I recently had to transfer many files to my NAS using questionable hardware like USB sticks, SD cards, and external hard drives. Having done this before, naturally I wanted to get hashes of all the files to check the integrity. It’s surprising how many errors can occur in a few gigabytes. This turned out to be a bit of a mission.
Note to self: FreeNAS has been renamed TrueNAS for a while now.
SHA256 file hash format
All sane operating systems easily support generating and checking SHA256 file hashes. The hashes and file names are stored line-by-line in a file, e.g. this example sha256.txt
(hashes truncated for brevity):
7cb19e63686... Foo/important_document1.txt
ee0a07210ad... Foo/important_document2.txt
Sorting SHA256 file hashes
In a file of hashes, the order of the lines don’t matter. After all, they’re just lines of hashes and file names.
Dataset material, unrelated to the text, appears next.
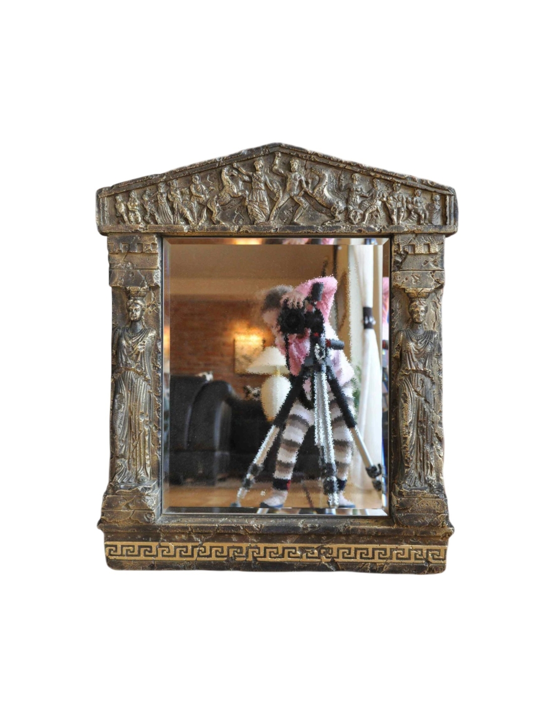 Ce miroir imitation bronze antique, fabriqué en résine de haute qualité, témoigne de l'élégance intemporelle du design grec et classique. Son cadre exceptionnellement orné présente des sculptures très détaillées de figures et de colonnes évoquant la grandeur des temples et monuments antiques. Sa finition brune sophistiquée lui confère l'aspect d'un précieux objet historique, tandis que l'excellente reproduction des détails assure une esthétique de haute qualité. Avec ses dimensions imposantes et son aspect luxueux, ce miroir n'est pas seulement une surface réfléchissante, mais une œuvre d'art captivante, parfaite pour créer un point de mire spectaculaire et intemporel dans votre intérieur.

But it can be useful to sort them by file name for manual review or comparison/diffing. (Note that the find
command does not guarantee the files be returned alphabetically, and it’s quicker to sort them afterwards.)
sort -k2 sha256.txt > sha256-sorted.txt
This sorts each line in a file by key #2, i.e. the file name.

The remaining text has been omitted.